Assistant professor at Qatar University’s College of Business and Economics.
Published On 4 Nov 2025
In 1987, The New York Times published an open letter addressed to the American people. Its author, a New York real estate developer named Donald Trump, accused Japan of taking advantage of the United States and warned that America was being “laughed at” by its trading partners. Nearly 40 years later, now in his second presidential term, Trump has turned the same grievance towards China, accusing it of exploiting US generosity and undermining US power.
That idea now drives Washington’s global strategy and increasingly shapes Europe’s behaviour. The Dutch government’s September 2025 seizure of Nexperia, a Chinese-owned chipmaker, offered the clearest sign yet of how far European governments have been drawn into the US-led confrontation with Beijing. Presented as a matter of national security, the move came after The Hague declared Nexperia’s Chinese ownership a threat to the Netherlands’ strategic interests.
The company at the heart of this decision has its own complex history. Nexperia began as the standard products business unit of NXP Semiconductors. It was sold to a consortium of Chinese investors in 2017 and later became one of several European tech firms to join China’s expanding industrial portfolio. By the late 2010s, that portfolio already included Supercell, Sumo, Stunlock and Miniclip in gaming, Kuka in robotics, WorldFirst in currency exchange and the mobile advertising start-up MobPartner. Europe, which long welcomed Chinese investment as a sign of openness, now treats those same partnerships as strategic threats.
The scale of those acquisitions grew alongside rising pressure within Europe to safeguard sectors deemed vital to national security. Governments began invoking emergency powers to block or reverse Chinese ownership of what they now call strategic assets. Nexperia was not the first company to be clawed back by a European state. In 2022, the UK ordered it to sell its stake in Newport Wafer Fab, while France seized Ommic in 2023. In the US, the Chinese firm Kunlun Tech was ordered to sell its 60 percent stake in Grindr in 2019.
Globally, these tit-for-tat responses have become common. In 2024, Beijing restricted exports of key minerals used in semiconductor manufacturing and tightened rules on the sale of foreign chips after security concerns over Nvidia’s products. Against this backdrop, it is not surprising that European governments have grown more wary of the transfer of critical assets and intellectual property to China.
The instinct to protect national industries is hardly new.
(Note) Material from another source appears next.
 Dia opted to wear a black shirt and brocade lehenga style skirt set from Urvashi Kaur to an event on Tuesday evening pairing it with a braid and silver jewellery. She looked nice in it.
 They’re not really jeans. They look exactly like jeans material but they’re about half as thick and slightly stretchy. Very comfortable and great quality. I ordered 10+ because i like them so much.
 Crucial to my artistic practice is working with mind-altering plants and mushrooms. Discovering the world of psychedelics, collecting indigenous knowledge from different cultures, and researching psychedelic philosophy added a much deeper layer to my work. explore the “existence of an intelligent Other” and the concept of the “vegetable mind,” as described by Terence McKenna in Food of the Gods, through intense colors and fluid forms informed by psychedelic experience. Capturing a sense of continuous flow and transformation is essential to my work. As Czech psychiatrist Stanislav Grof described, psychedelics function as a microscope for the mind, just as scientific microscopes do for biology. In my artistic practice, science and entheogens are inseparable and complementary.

Yet for all the Western outrage over Chinese technology theft, it is worth remembering that Alexander Hamilton, one of the founding fathers of the US, openly encouraged what would now be called industrial espionage. During the early years of the American Republic, the English-born engineer Samuel Slater memorised Richard Arkwright’s water-frame technology and helped establish America’s first water-powered cotton mill in Rhode Island. Hamilton later praised such imitation in his 1791 Report on Manufactures.
Fast forward to 2025, and when the so-called “Magnificent Seven” (Alphabet, Amazon, Apple, Meta Platforms, Microsoft, Nvidia and Tesla) entered the trillion-dollar valuation club, their rise was attributed to genius and innovation. Yet when they falter, as in the Tesla versus BYD competition, blame often shifts to external factors such as unfair regulation or intellectual theft. US exceptionalism is cast as merit-based, while China’s ambition for technological leadership is condemned as unscrupulous.
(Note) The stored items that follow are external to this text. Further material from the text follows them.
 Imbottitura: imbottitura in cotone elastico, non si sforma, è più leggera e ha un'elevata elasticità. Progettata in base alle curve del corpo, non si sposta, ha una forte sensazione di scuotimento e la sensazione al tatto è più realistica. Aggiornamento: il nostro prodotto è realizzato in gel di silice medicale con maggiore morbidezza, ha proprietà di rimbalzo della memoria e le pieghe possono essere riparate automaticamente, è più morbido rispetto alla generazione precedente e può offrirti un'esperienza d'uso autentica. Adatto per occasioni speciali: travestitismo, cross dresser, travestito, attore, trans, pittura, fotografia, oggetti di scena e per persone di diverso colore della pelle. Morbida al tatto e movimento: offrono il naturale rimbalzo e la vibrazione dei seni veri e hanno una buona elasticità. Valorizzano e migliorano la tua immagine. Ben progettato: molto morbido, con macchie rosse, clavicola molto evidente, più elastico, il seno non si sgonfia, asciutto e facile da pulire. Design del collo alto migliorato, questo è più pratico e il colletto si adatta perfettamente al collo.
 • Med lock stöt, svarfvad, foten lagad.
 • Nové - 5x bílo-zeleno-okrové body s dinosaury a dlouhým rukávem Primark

Why, then, would a European nation insert itself into a Sino-American contest for semiconductor supremacy in which the continent is a distant third?
European leaders argue that the answer lies in safeguarding sovereignty and reducing dependence on authoritarian regimes. But the economic consequences are already becoming clear. Most of Nexperia’s production takes place in China, leaving the company unable to meet demand without that capacity. Since the takeover, several of its operations have slowed, and hundreds of employees in the Netherlands, the UK and Germany face redundancy. Global carmakers such as Volkswagen and Volvo have warned of possible production delays due to shortages of automotive chips, which are vital for vehicle electronics and control systems.
The Netherlands is not alone. Across Europe, governments have embraced the rhetoric of “de-coupling” from China even as their economies remain deeply entangled with it. The seizure of Nexperia aligns closely with European proponents of Donald Trump’s “liberation day” discourse, his campaign for economic disentanglement from China framed as moral redemption, and it foreshadows further clawbacks across the Maastricht-born union. European Commission President Ursula von der Leyen’s call for “de-risking rather than decoupling” now rings hollow against this backdrop.
There is an implicit capitulation in all this, one that began with the Marshall Plan in 1948 and continues to shape Europe’s responses to crises from the Russo-Ukrainian war to the present contest over technology. Each episode has reaffirmed the same pattern: when Washington redraws its global lines, Europe adjusts accordingly. The Dutch seizure of Nexperia may be justified in the language of sovereignty, but it exposes how little sovereignty remains. As the US and China battle for technological dominance, Europe once again finds itself not as a player in the new order, but as its terrain.
The views expressed in this article are the author’s own and do not necessarily reflect Al Jazeera’s editorial policy.